=== About this exercise ===
Exactly the lines from the first line of the records to the line holding "Un destacamento de" should be duplicated, and nothing more; pictures stay out.

┌─ Stored data

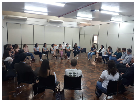
Reunião da Equipe Técnica do Programa - Região Centro-Norte (Caçador) - 26/11/2018
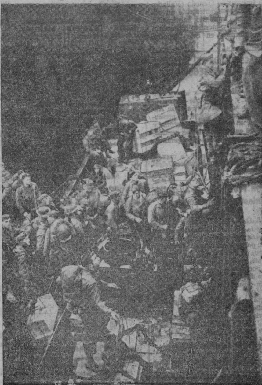
Un destacamento de Infantería norteamericana desembarcando, con su material, en un punto de Islandia

Comunicado alemán Cuartel General del Führer, El alto mando de las fuerzas alemanas comunica: El curso de las operaciones que se desarrollan ante los lagos Ilmen y en dirección a Wolchof, fortificaciones de infantería y carros blindados ocuparon por sorpresa la noche del 9 de Noviembre el importante centro de comunicaciones de Numerosos prisioneros han sido capturados y recogido un importante botín. El Estado Mayor del Ejército soviético logró escapar abandonando sus automóviles e importantes documentos militares. En el frente, han sido capturados prisioneros desde el 16 de agosto, así como noventa y seis cañones y ciento setenta y nueve torpedos, un tren blindado y abundante material de guerra de toda clase. Unas seis mil minas han sido capturadas. La cifra total de prisioneros soviéticos capturados en el frente del Este, se eleva actualmente a tres millones seiscientos treinta y tres mil hombres.—Efe.
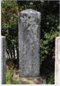
日蓮大菩薩懸腰所の石碑
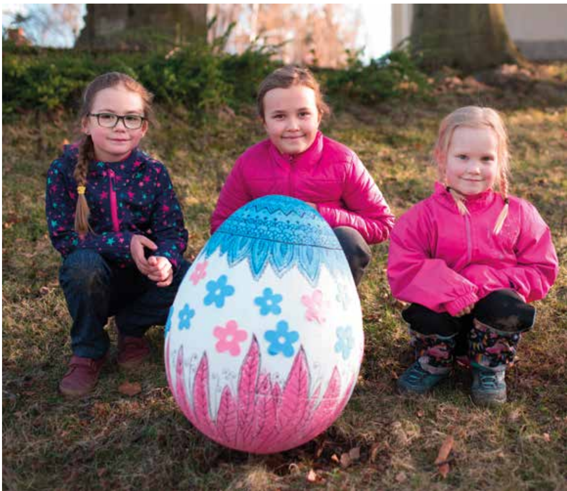
▪ Děti vyráběly exponáty a pak je pomáhaly rozmísťovat.
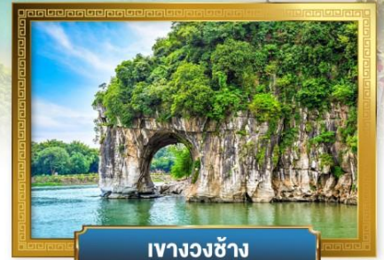
เหวางวงซ้าง
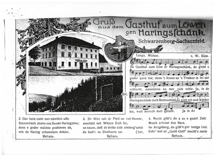
Gruß aus dem Gasthof „Zum Löwen“

└─

=== Answer to this exercise ===
Reunião da Equipe Técnica do Programa - Região Centro-Norte (Caçador) - 26/11/2018
Un destacamento de Infantería norteamericana desembarcando, con su material, en un punto de Islandia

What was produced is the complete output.